> Exercise instructions:
Each line below should be repeated exactly as written, with no pictures carried over.

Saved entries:
== Segment start ==

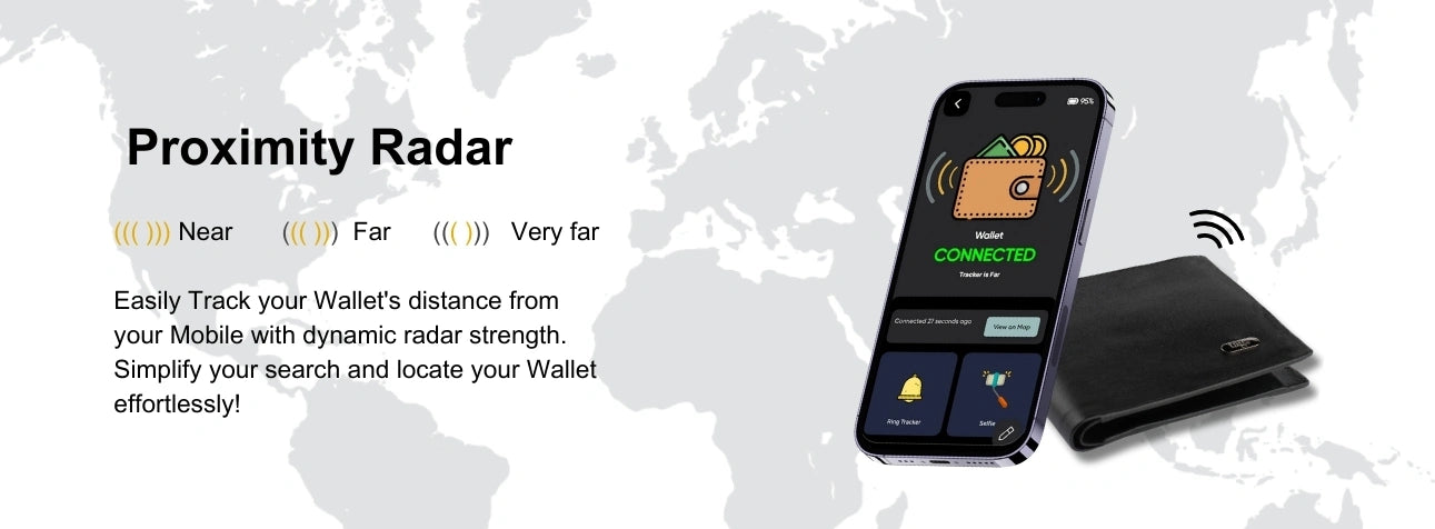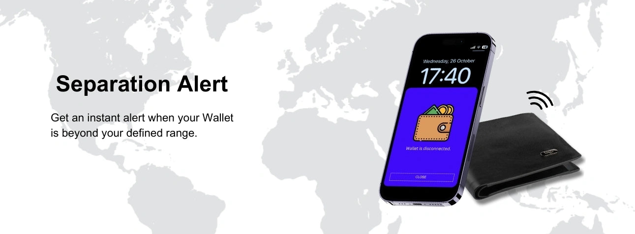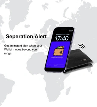 - तुमचे हरवलेले वॉलेट सहज शोधा - त्याच्या अँटी-लॉस्ट स्मार्ट ब्लूटूथ ट्रॅकरसह, तुम्ही तुमचे हरवलेले वॉलेट त्वरीत शोधण्यात सक्षम व्हाल. फक्त हे सुरक्षित वॉलेट तुमच्या Android किंवा Apple डिव्हाइससोबत ब्लूटूथद्वारे पेअर करा. तुमची पर्स रेंजच्या बाहेर गेल्यावर सेपरेशन अलार्म तुम्हाला सूचित करतो.
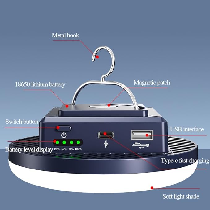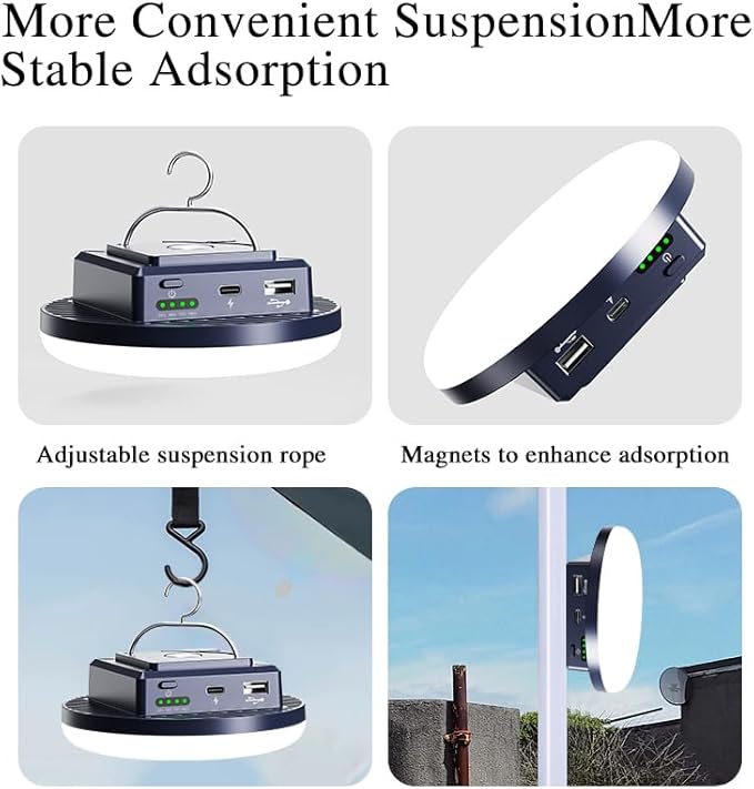 - Magnetic suction + hook, flexible and portable: With both a strong magnetic base (adsorbed on metal surfaces) and a hanging hook, it can be easily fixed on the top of a tent, car hood, tree branches, etc. The portable camp lamp is suitable for various outdoor lighting scenarios.
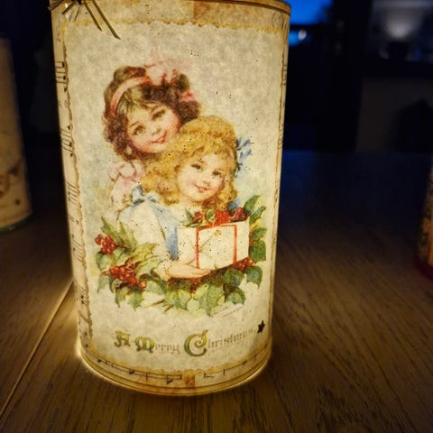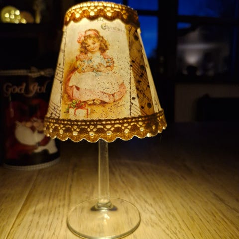 Dekorativ lys i vintage stil, beregnet til lyskæde men kan også tåle et fyrfadslys hvis den er i det medfølger glas. Mål H.15 cm., 9 cm. I diameter
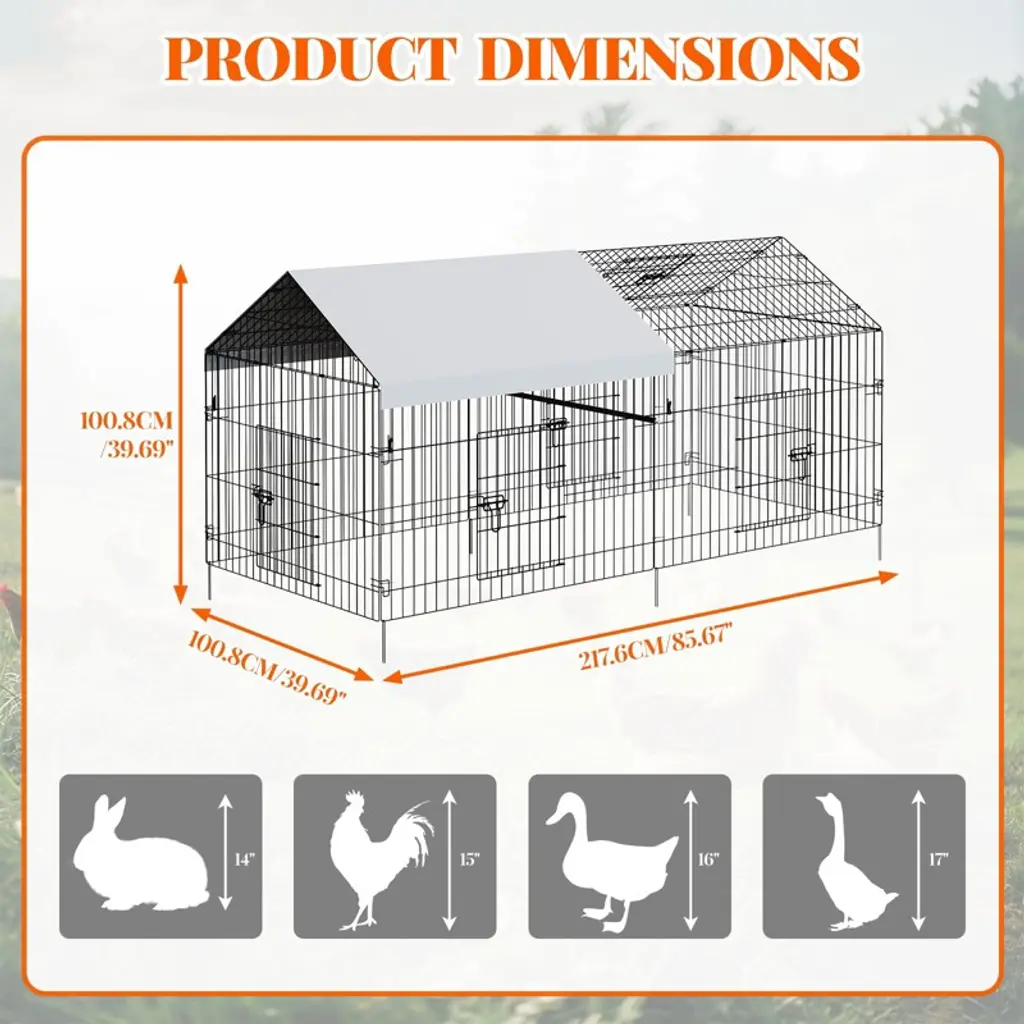 Jojoka Pet Metal Chicken Coop, Large Walk-in Hen House With Waterproof Cover, Portable Chicken Run For Ducks, Rabbits, Small Animals, 85.67in
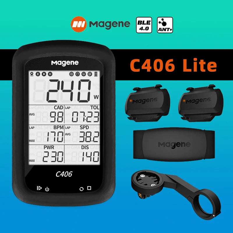 Компьютер велосипедный Magene C406 Lite, GPS, беспроводной смарт-трекер для горного и дорожного велосипеда, секундомер, карта данных для велоспорта S3 + H64
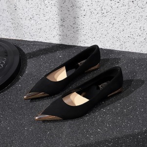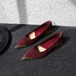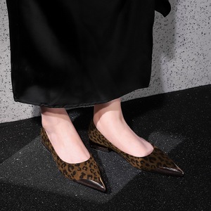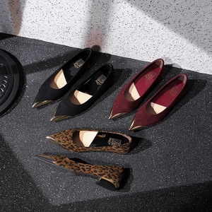 83977 ヨーロッパとアメリカンスタイルのファッションカラーブロックメタルポインテッドトゥフラットヒール女性用厚いヒールスエードヒョウ柄浅い口の女性用靴
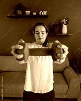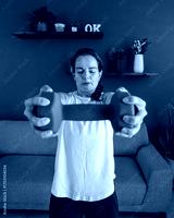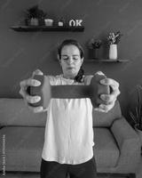 Woman exercising in her living room wearing workout clothes on a sunny day with gloves and an elastic band.

== Segment end ==

> Exercise result:
 - तुमचे हरवलेले वॉलेट सहज शोधा - त्याच्या अँटी-लॉस्ट स्मार्ट ब्लूटूथ ट्रॅकरसह, तुम्ही तुमचे हरवलेले वॉलेट त्वरीत शोधण्यात सक्षम व्हाल. फक्त हे सुरक्षित वॉलेट तुमच्या Android किंवा Apple डिव्हाइससोबत ब्लूटूथद्वारे पेअर करा. तुमची पर्स रेंजच्या बाहेर गेल्यावर सेपरेशन अलार्म तुम्हाला सूचित करतो.
 - Magnetic suction + hook, flexible and portable: With both a strong magnetic base (adsorbed on metal surfaces) and a hanging hook, it can be easily fixed on the top of a tent, car hood, tree branches, etc. The portable camp lamp is suitable for various outdoor lighting scenarios.
 Dekorativ lys i vintage stil, beregnet til lyskæde men kan også tåle et fyrfadslys hvis den er i det medfølger glas. Mål H.15 cm., 9 cm. I diameter
 Jojoka Pet Metal Chicken Coop, Large Walk-in Hen House With Waterproof Cover, Portable Chicken Run For Ducks, Rabbits, Small Animals, 85.67in
 Компьютер велосипедный Magene C406 Lite, GPS, беспроводной смарт-трекер для горного и дорожного велосипеда, секундомер, карта данных для велоспорта S3 + H64
 83977 ヨーロッパとアメリカンスタイルのファッションカラーブロックメタルポインテッドトゥフラットヒール女性用厚いヒールスエードヒョウ柄浅い口の女性用靴
 Woman exercising in her living room wearing workout clothes on a sunny day with gloves and an elastic band.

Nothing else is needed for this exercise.